Serum SCFA quantification

Liquid chromatography–mass spectrometry (LC-MS) was used to quantify serum SCFAs, including acetic, propionic, butyric, pentanoic, isobutyric, and isovaleric acids. In brief, the serum samples were thawed; then, 50 µL of a sample was mixed with 50 µL of 400 µL of diethyl ether, 100 µL of the internal standard, and 15% phosphoric acid in a centrifuge tube. Next, this mixture was centrifuged at 135,000 g at 4 °C for 10 min. Then, the supernatant was transferred to a vial for LC-MS analysis.

The LC-MS analysis was performed using an Agilent gas chromatograph connected to an Agilent MS detector equipped with an HP-5MS column. Moreover, high-purity helium was used as the carrier gas at a flow rate of 1 mL/min. Finally, Agilent MSD ChemStation was used to analyse the collected data. To quantify, standard calibration curves were constructed using authentic standards diluted in diethyl ether across concentrations ranging from 0.02 to 500 µg/mL. Method validation included instrument stability, within-day repeatability, accuracy assessment, and interday repeatability.

Statistical analysis

Clinical characteristics and SCFA levels were compared between groups by using the Fisher exact test for the categorical variables and the Wilcoxon rank-sum test for continuous variables. The alpha diversity indexes including Chao1, ACE, and Simpson and Shannon index were compared using the Wilcoxon rank-sum test. We performed Bray–Curtis PCoA by using the Bray-Curtis distance matrix on the QIIME software program. Differential abundance of KEGG level 3 pathways was screened using Microbiome Multivariable Associations with Linear Models (version 2). Differential abundance of species between groups was identified using the LDA effect size (LEfSe version 1.1.01; LDA score > 2; P < 0.05). The bacterial species identified by LEfSe were confirmed using the t test and Wilcoxon rank-sum test. SCFA levels were compared between groups by using the Wilcoxon rank-sum test.
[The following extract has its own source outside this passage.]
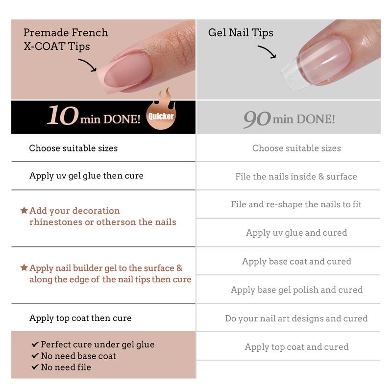 ·PATENTED X-COATTM PROCESS: Proprietary technology for these long square nail tips allowing ultraviolet rays through tips and curing the gel glue or solid gel glue, even after the French/ombre/gradient/cat eye design process.

Correlation between continuous variables, including anti-SARS-CoV-2-specific antibody levels, species abundance, KEGG level 3 pathway, GO function abundance, SCFA levels, and clinical characteristics, were analysed using the Spearman correlation test. The Wilcoxon rank-sum test was used to assess the between-group differences in continuous variables. Multiple testing was corrected using the Benjamini-Hochberg method to control the false-discovery rate (FDR). P value or FDR-corrected P value < 0.05 was considered to indicate statistical significance. ROC curves were employed to determine the prediction value of the identified biomarkers. All statistical analyses were performed using Statistical Package for the Social Sciences (version 23.0) and GraphPad Prism (version 7.0). Correlation heatmaps with relevant symbols were generated using OmicStudio tools at https://www.omicstudio.cn.

Ethics approval

Statement.

All our human experiments were conducted according to the ethical policies and procedures approved by the Ethics Committee of the First Affiliated Hospital of Zhejiang University, China (approval no. IIT20230314B). All the included participants have signed the consent forms.